Organization’s Opportunities

  • Collaborating with small businesses successfully (U.S. Department of Defense, n.d.).
  • Building a capacity to expand content broadcasts globally.
  • A platform to develop useful teaching programs (Winkler, 2016).
  • DMA may become a platform to prepare qualified specialists.
  • Promoting collaboration with private companies to increase technical maintenance opportunities (Leonhardi et al., 2015).
  • Gaps in control can be addressed by adopting advanced software.
  • Conducting an efficient analysis of media usage among the target population (Leonhardi et al., 2015).
  • Obtaining relevant feedback and maintaining timely user support.

Organization’s Threats

  • The lack of information about the threat environment (Leonhardi et al., 2015).
  • Users are not aware of risks associated with content security.
  • The loss of competitive position due to untimely interventions (“Verizon and Defense Media Activity,” 2019).
  • Competitors may utilize more efficient data distribution channels.
  • A decline in the number of professional staff due to financial issues.
  • The estimated civilian pays in 2021 are less than the previous one (“Defense Media Activity operation and maintenance,” n.d.).
  • The leakage of the workforce to organizations with more promising opportunities.
  • The marketing function requires the training of professional employees (Winkler, 2016).

Strategic Issues and Recommendations

  • The issues of content security should be addressed.
  • Personnel management issues need to be considered.
  • Introducing an advanced system of media data control.
  • Maintaining a policy to engage professional specialists.
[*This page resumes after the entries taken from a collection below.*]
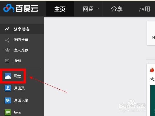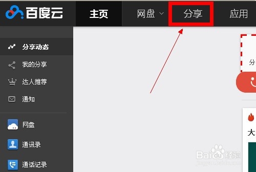 首先来到百度云个人主页,点击上面的“分享”菜单。(如下图)
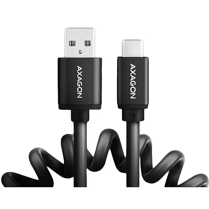 LongDesc - Twisted connection USB-C USB-A Data and Charging AXAGON BUCM-AM20TB TWISTER USB 2.0 cable with USB-C male and USB-A male connectors. The cable is designed for synchronizing data and charging laptops, phones, tablets and other mobile devices. The cable supports data transfer at speeds up to 480 Mb/s, is compatible with Quick Charge, Samsung AFC, Huawei FCP, SMART and other charging technologies. The connected device can be charged with a current of up to 3A.Durable data and power cable with extended service life is equipped with metal terminals, connectors with a nickel-plated surface and gold-plated contacts. Cable conductors are made of Tin-plated oxygen free copper. High-quality cable insulation, made of flexible TPE, guarantees maximum durability and also maintains sufficient flexibility. Thanks to the twisted and winding design, the cable takes up a minimum of space and is an ideal accessory for the car. In the shortened state, the cable is only 50 cm long and does not obstruct anywhere. When stretched, it comfortably reaches 110 cm away from the socket.Power cables 22AWG (lower number = larger cross-section and lower wire resistance) guarantee fast charging of phones and other mobile devices. Data wires 30AWG together with high-quality shielding, ensure reliable data transmission. Double shielding protects transmitted signals from adverse interference.Durable cable gland reduces dangerous cable bending. The mechanical resistance of the cable is also increased by the aluminum terminal covers. Connectors:• USB-C (M) male • USB-A (M) male Other Features:• DATA SYNC & FAST CHARGING - simultaneous data transfer and mobile device battery charging.• USB 2.0, compatible with USB 1.1.• Supports 480 / 12 / 1.5 Mb/s (High / Full / Low speed) transmission rates. • Support for high-speed charging by current up to 3A.• Supported charging technologies: Qualcomm Quick Charge 2.0/3.0, Samsung Adaptive Fast Charging, Huawei Fast Charge Protocol, SMART Charging and others.• Cable includes power wires 22AWG, data wires 30AWG. • Tin-plated oxygen free copper conductors to reduce oxidation, increase conductivity, and clear signal without distortion.• Shielding via galvanized foil and oxygen free copper braiding minimizes interference and prevents signal loss.• Nickel-plated connectors and gold-plated contacts prevent oxidation and provide a reliable connection.• Suitable for mobile phones and smartphones, tablets, powerbanks, cameras and other mobile devices with USB-C connector.Other data: • Cable length 110 cm in stretched state, 50 cm in shortened state,• outer diameter of the cable 4.2 mm.Package contains:• USB-C M USB-A M twisted black cable, • packed in a printed and sealed foil package with hanging hole.
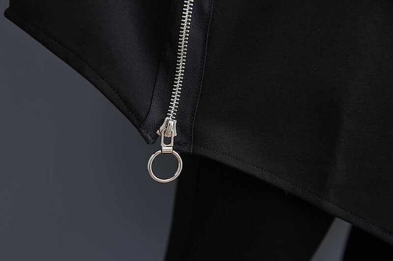 モード系のアシンメトリーチュニックです。全体的にゆったりとした着心地で体型カバーにもなる飾りファスナーがアクセントのアイテムです。

Building The Security Framework

  • Media content related to national security should be processed thoroughly (McLeod & Shah, 2015).
  • Forecasting security threats is a crucial activity to mitigate risks (Yusof & Pathan, 2016).
  • Poor media control may worsen the current competitive advantage.
  • Competitors’ activities to maintain the security of content may be a threat to DMA’s business.

Building The Security Framework

Data integrity and controllability are under threats (Li et al., 2019). The organization cannot build a sustainable data transmission mode. The Department of Defense may impose sanctions on DMA. A shift in cooperation in favor of another company is likely.
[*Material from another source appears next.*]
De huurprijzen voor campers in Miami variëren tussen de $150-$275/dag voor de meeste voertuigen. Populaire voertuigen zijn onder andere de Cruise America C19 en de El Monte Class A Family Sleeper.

Employee training and motivation are the essential components of data control (Soomro et al., 2016). Teaching practices introduced by DMA may be ineffective in addressing the existing threats. Building an information security policy implies communicating with the staff directly. A poor interaction mode and low incentives may lead to personnel leakage.

Recommendations

  1. Engaging the DoD’s legal representatives to control the content distribution (Ayalon et al., 2016).
  2. Assessing the market regularly to evaluate competitors’ work.
  3. Introducing the recent technological developments to enhance the security of digital content.
  4. Promoting the safety of media coverage globally.
  5. Promoting technical and behavioral solutions among employees (Hina & Dominic, 2018).
  6. Encouraging the staff’s productive communication through effective management practices.
  7. Maintaining the teaching process to train competent employees.
  8. Implementing a favorable system of incentives and bonuses.

Summary

  1. A rich history of DMA’s formation and development. A long period to become the DoD’s official representative. DMA promote the DoD’s media content globally. The organization trains and educates specialists.
  2. The SWOT analysis is applied to test DMA’s success. Strategic issues are identified based on the conducted organizational and environmental analyses. The organization’s strengths concern maintaining partnerships and effective control over the budget.
  3. As the weaknesses, poor liability and the broadcast monopoly are the crucial issues. Efficient teaching and good media usage are the opportunities. The loss of competitive positions and poor personnel performance are the treats. Building the security framework is a part of the strategic plan. Personnel-oriented activities should be promoted at the organizational level.